Because of asking those questions in advance, I've never regretted one workshop I've taken.  They have all more than paid for themselves in the amount of networking contacts and jobs I've booked from either the CD that held the workshop or others that I met while there.  Next time you get a paid booking, budget some of that money for a future workshop.  It's an investment that very well could lead to more work.

Friday, June 17, 2011

One Acting Action Every Day - Week in Review

TGIF!  It's that day of the week where I hold myself accountable for daily actions toward reaching my goal of being a full-time actress.  So, how was your week?  What steps, big or small, did you take this week toward reaching one of your goals?  Go ahead, pat yourself on the back, let me know how you did.

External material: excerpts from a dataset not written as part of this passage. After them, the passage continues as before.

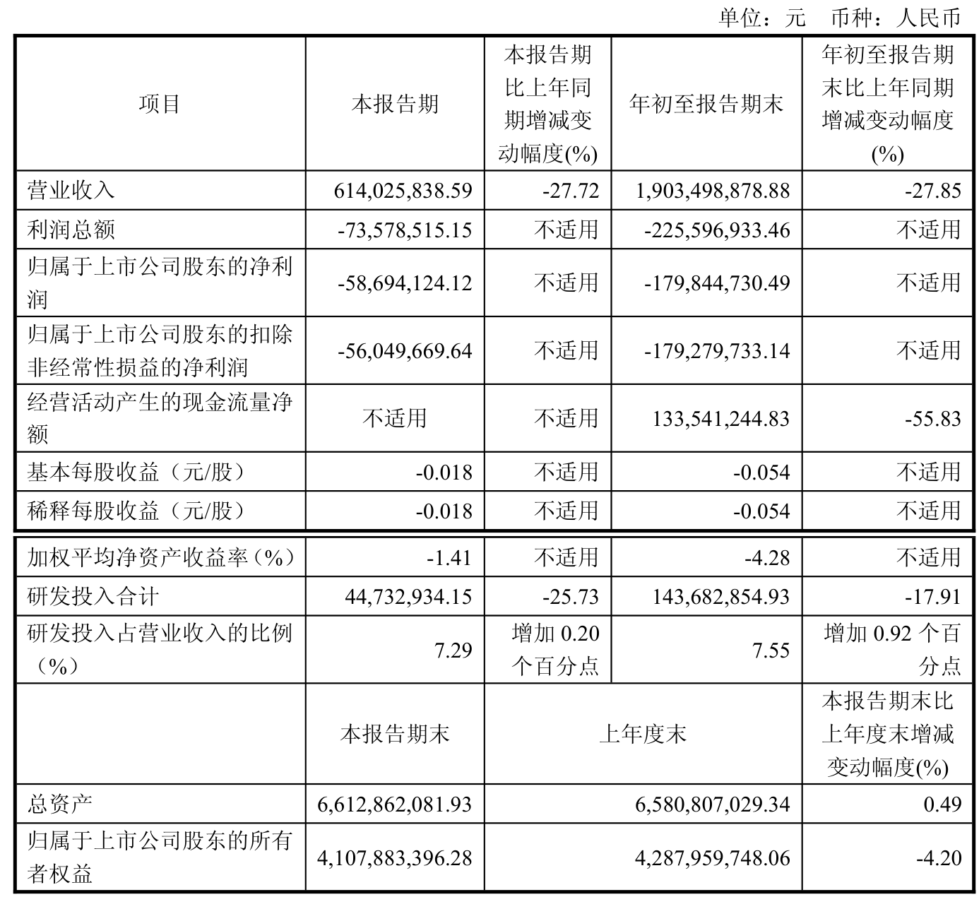中证智能财讯龙腾光电(688055)10月30日披露2025年第三季度报告。前三季度公司实现营业总收入19.03亿元,同比下降27.85%;归母净利润亏损1.8亿元,上年同期亏损1.68亿元;扣非净利润亏损1.79亿元,上年同期亏损1.94亿元;经营活动产生的现金流量净额为1.34亿元,同比下降55.83%;报告期内,龙腾光电基本每股收益为-0.054元,加权平均净资产收益率为-4.28%。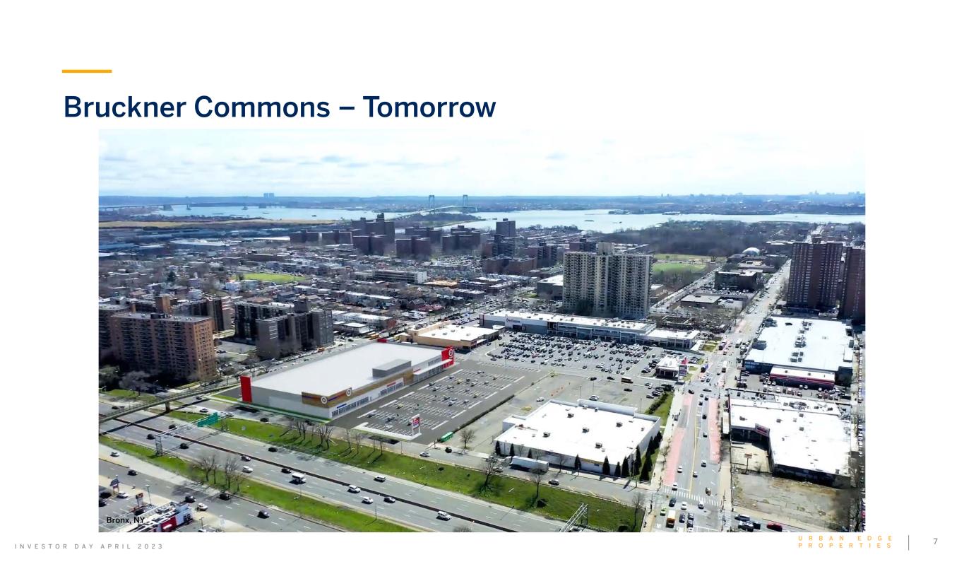 I N V E S T O R P R E S E N T A T I O N 6I N V E S T O R D A Y A P R I L 2 0 2 3 U R B A N E D G E P R O P E R T I E S Bruckner Commons – Today Bronx, NY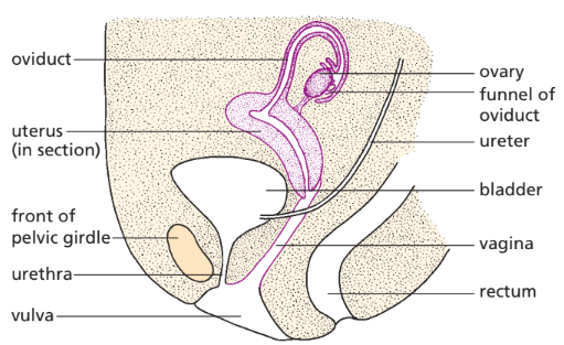 Identify on diagrams and state the functions of the following parts of the female reproductive system: ovaries, oviducts, uterus, cervix and vagina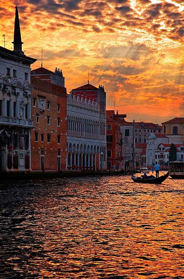 威尼斯大運(yùn)河被譽(yù)為威尼斯的水上“香榭麗舍”大道。在河道的兩邊,散布著各式各樣的古老建筑,既有洛可可式的宮殿,也有摩爾式的住宅,當(dāng)然也少不了眾多的富麗堂皇的巴洛克和哥特式風(fēng)格的教堂。文藝復(fù)興時(shí)代,許多偉大的藝術(shù)家都在這些教堂里面留下了不朽的壁畫和油畫作品,至今仍吸引著世界各地的無數(shù)游客和藝術(shù)家。此外,遍及運(yùn)河兩岸的店鋪、市場(chǎng)以及銀行等等,也給這個(gè)水上大都市增添了無窮的活力。
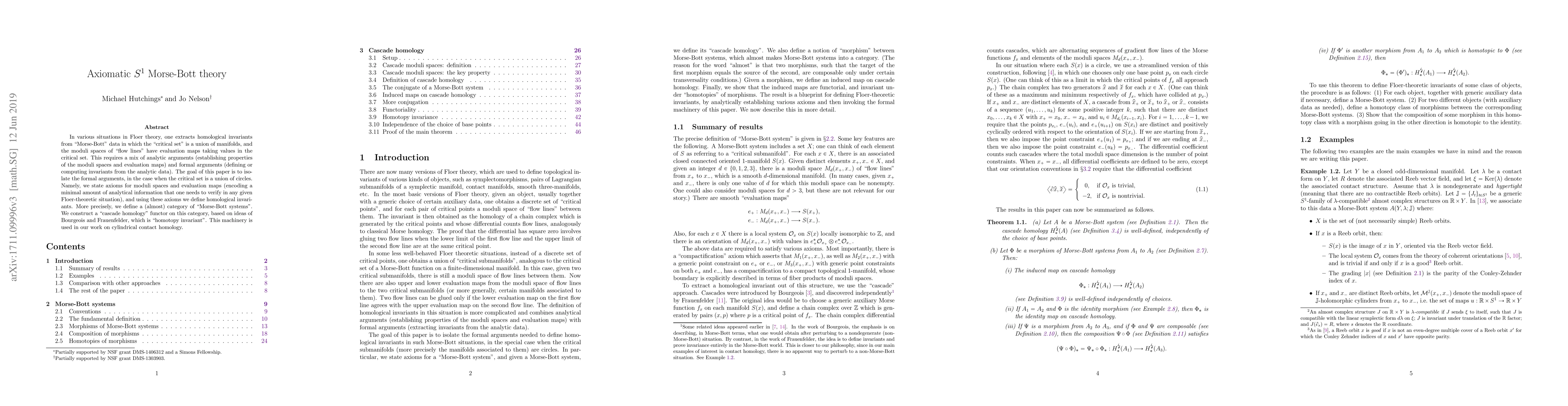 This paper develops axioms for Morse-Bott systems where the critical set is a union of circles, aiming to define homological invariants using minimal analytical verification. It constructs a homotopy invariant "cascade homology" functor and applies this to cylindrical contact homology.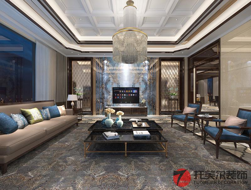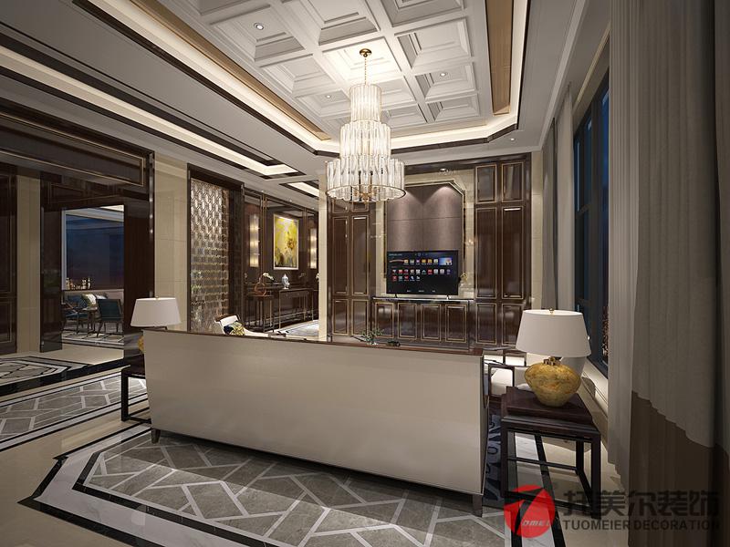 領秀濱江頂樓復式新中式效果裝修設計效果圖

Sunday:  I normally start with Monday but Sunday was a big acting day for me.  Two great performances in church services were followed by filming the final scene of the baseball film trailer. 
Monday:  Lots of script work for the show this weekend.  Continued working on lines and character development.
Tuesday:  Sent a follow-up e-mail to an agent I submitted with a few weeks back.  More script work.
Wednesday:  Read a few chapters of Michael Caine's "Acting in Film".  I'll be sharing some of the insights I'm learning from the book soon!  Went to rehearsal for the show this weekend. 
Thursday: After realizing at the rehearsal that I am NOT at all prepared, worked through my script several more times.
Friday:  More script work today and finalize costume for tomorrow night's show!

Also, I got some pretty exciting news yesterday, I was contacted to write articles for an actor's casting service!  More details to come on that later. 

The blog continues to grow too, we have 90 Facebook fans now!  Keep them coming. 

Have a great weekend and keep on keeping on.

Thursday, June 16, 2011

100 FB Fan Give-Away!

If you haven't liked me on Facebook yet, now is the perfect time.  We're at 90 fans now and as soon as we hit 100, I'm giving away a $25 Amazon.com gift card.

All you have to do is share the Undiscovered Alison Facebook fan page with your FB friends and/or fans, then let me know!

Post on my page and let me know...or leave a comment below.  Good luck!  I'll be choosing one winner at random as soon as we hit 100!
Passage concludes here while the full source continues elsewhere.